Salimos y entramos constantemente del agua que cada vez tiene mas oleaje. Ella se queda fuera del agua por un tiempo y yo me quedo para demostrar mis dotes surferos sabiendo que me puede arrastrar cualquier ola por muy pequeña que sea. Entre el no dormir y la falta de ejercicio cualquier cosa podría pasar. Me hace varios videos, entre ellos uno donde se ve como me arrastra una ola que mide el doble que yo.

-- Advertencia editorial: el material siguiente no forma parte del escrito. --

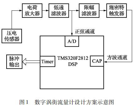 本文設(shè)計(jì)的基于 TMS320F2812 DSP 的數(shù)字管道壓縮空氣流量計(jì)的信號(hào)處理系統(tǒng)由前置放大電路和數(shù)字信號(hào)處理電路兩部分組成。本文選用的前置放大電路即為目前被廣泛應(yīng)用的普通管道壓縮空氣流量計(jì)的前置放大電路,主要由電荷放大電路、低通濾波電路、限幅濾波電路和施密特觸發(fā)電路組成; 對(duì)于經(jīng)壓電傳感器測得的渦街信號(hào)采用了頻域分析和時(shí)域分析相結(jié)合的方式,即由前置放大電路和數(shù)字信號(hào)處理電路相配合。時(shí)域分析通道利用 DSP 事件管理器的捕獲模塊,對(duì)前置放大電路輸出的方波進(jìn)行頻率計(jì)算,然后再由 DSP 事件管理器通用定時(shí)器的比較輸出模塊進(jìn)行脈沖輸出。頻域分析通道即 DSP對(duì)低通濾波電路輸出的疊加了許多噪聲的正弦信號(hào)進(jìn)行 A/D 采樣,再利用 DSP 對(duì) A/D 采樣的結(jié)果進(jìn)行頻譜分析,從而得出此時(shí)渦街信號(hào)的頻率,*后由 DSP 通用定時(shí)器的比較輸出模塊進(jìn)行脈沖輸出。系統(tǒng)設(shè)計(jì)方案示意圖如圖 1 所示。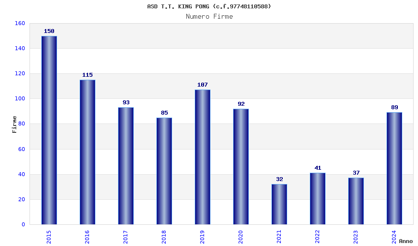 | Anno | Firme | Importi | Media | Naz. | Reg. | Prov. | Comu. |

No nos percatarnos de la hora y los creps hicieron tan bien su trabajo que es mediodía y apenas nos entra hambre. Vamos a un sitio y nos dicen que la cocina está cerrada, pero mientras la abren nos pueden preparar unos chopitos. Me parece buena idea y por su consideración decimos comer ahí mismo, hasta que nos traen la ración de moluscos rebosados. Es como morder pelotitas de gomas indestructibles. Alguno me trago entero al no poderlo masticar. En fin, que nos vamos a otro sitio.
A 100 metros hay uno que no es el más barato de todo el paseo marítimo, pero pedimos una paella que está tremenda y ni hablar del vino. Tengo muchísima hambre y aún así sobra un poco de arroz que por vergüenza no pido para llevar y sé que me arrepentiré. Ella tampoco se lo va a llevar, no por pena sino porque no quiere cargar con una bolsa de comida.
Lucho para no dormirme en la mesa después del banquete y ella seguro que también, pero se le nota menos. Encima ahora tiene que volver a casa y me preocupa que se duerma. Me dice que cualquier cosa se paga un hotel. Yo luego de barajar varias opciones decido tomar un tren a Madrid, el último del día, que encima ella me lleva a la estación y espera que venga.
Ya en la estación nos despedimos con un beso, uno de tantos que surgieron durante el día. Vendrá a Madrid pronto porque tiene una amiga que vive allí o iré seguro a visitarla a su ciudad, al menos que no quiera, claro está.
En el tren quiero enviarle un mensaje, pero no tengo batería y al registrar mi mochila para buscar el cargador me percato que no está y quizá lo dejé en su coche. Mi móvil literalmente muere y yo con él durante todo el viaje hasta llegar a Madrid.